Andere interventies rondom leefstijl en geïndiceerde of zorggerelateerde preventie zijn geen onderdeel van de huisartsenzorg. Hiervoor wordt verwezen naar betreffende paramedici zoals oefentherapeut of diëtist. Ook populatiegerichte (=collectieve) preventie is geen taak van de huisarts.

De sociale kaart in beeld

Binnen de praktijk is het belangrijk goede afspraken te maken wie welke taak op zich neemt met betrekking tot leefstijladvisering en dat hierin ook dezelfde taal wordt gesproken. Het normaliseren van leefstijladvisering onder de verschillende zorgverleners maakt het ook voor de patiënt uiteindelijk vanzelfsprekend dat het onderwerp wordt aangekaart. Vaak adresseert de huisarts de mogelijkheid tot leefstijlverbetering en neemt de praktijkondersteuner of een paramedicus het vervolg op zich.  

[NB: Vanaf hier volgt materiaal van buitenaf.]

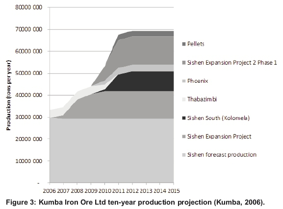 Kumba Iron Ore Ltd (see www.angloamericankum-ba.com) is a value-adding supplier of high quality iron ore to the global steel industry. It is the fifth-largest supplier of seaborne iron ore in the world, exporting more than 37 million tonnes per annum and providing more than 4 million tonnes to the local market (Kumba, 2010). The company has three mining operations in South Africa, namely Sishen Mine, Thabazimbi Mine, and Kolomela Mine. Both Sishen and Kolomela are long-life operations with current life of mine estimates of 18 and 29 years respectively. Thabazimbi Mine is nearing the end of its life, but Kumba has already undertaken a feasibility study on the Phoenix Project, adjacent to Thabazimbi, as a possible replacement. In 2006, Kumba published a growth strategy with an overall production projection of 70 million tonnes per annum in 2015, linked to the implementation of specific projects and mining assets (Kumba, 2006). See Figure 3 for the planned production projections.
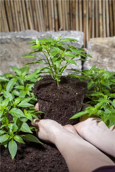 War die Anzucht erfolgreich, ist es nun an der Zeit, die Paprika in den Garten auszupflanzen. Wie bereits erwähnt, bevorzugt die Pflanze ein eher wärmeres Klima, weshalb man mit dem Einpflanzen im Beet warten sollte, bis die Temperaturen ansteigen. Ende Mai ist ein guter Zeitpunkt, um Frost garantiert zu umgehen. Wird die Paprika-Pflanze bereits vor Mai in den Außenbereich gesetzt, kann dies zur Folge haben, dass die Pflanze aufhört zu wachsen und keine richtigen Früchte bildet. Wer in kühleren Regionen wohnt, aber dennoch nicht auf den eigenen Anbau verzichten möchte, der kann alternativ die Paprika im Topf belassen und nur bei hochstehender Sonne nach draußen stellen. In der Nacht wird das Gemüse einfach zurück ins Warme geholt.

Het helpt daarbij om zicht te hebben op de verwijsmogelijkheden binnen het medische en ook het sociale domein. In diverse gemeenten is verwijzen naar het sociale domein mogelijk. Ook zijn in veel gemeenten buurtsportcoaches en gezondheidsmakelaars aanwezig om de patiënt te helpen bij het vinden van een passende activiteit.